Directions:
The listing below must be returned in full and unchanged, without the images it carries.

Stored data:
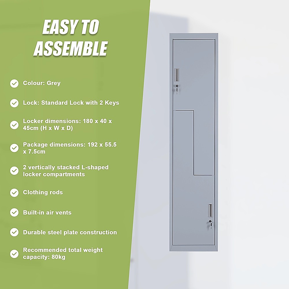- Locker dimensions: 180 x 40 x 45cm (H x W x D)
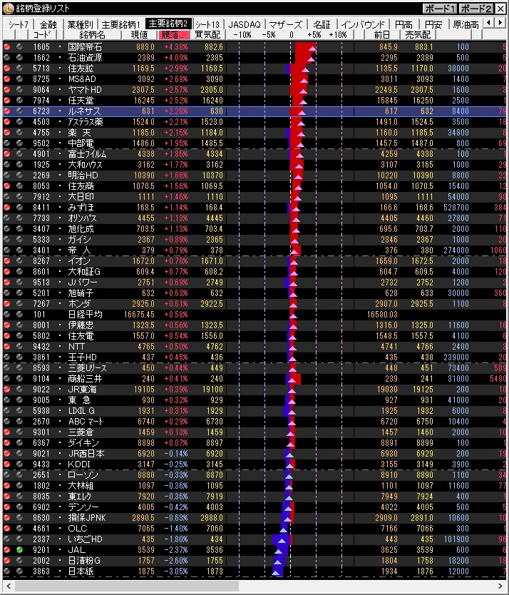 材料なく弱くなると想定していたが、今日は午後は弱くなることはなく強く推移。
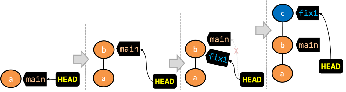 fix1has been added. The repo has switched to the new branch too (hence, theHEADref is now attached to thefix1branch). - A new commit (

Task result:
- Locker dimensions: 180 x 40 x 45cm (H x W x D)
 材料なく弱くなると想定していたが、今日は午後は弱くなることはなく強く推移。
 fix1has been added. The repo has switched to the new branch too (hence, theHEADref is now attached to thefix1branch). - A new commit (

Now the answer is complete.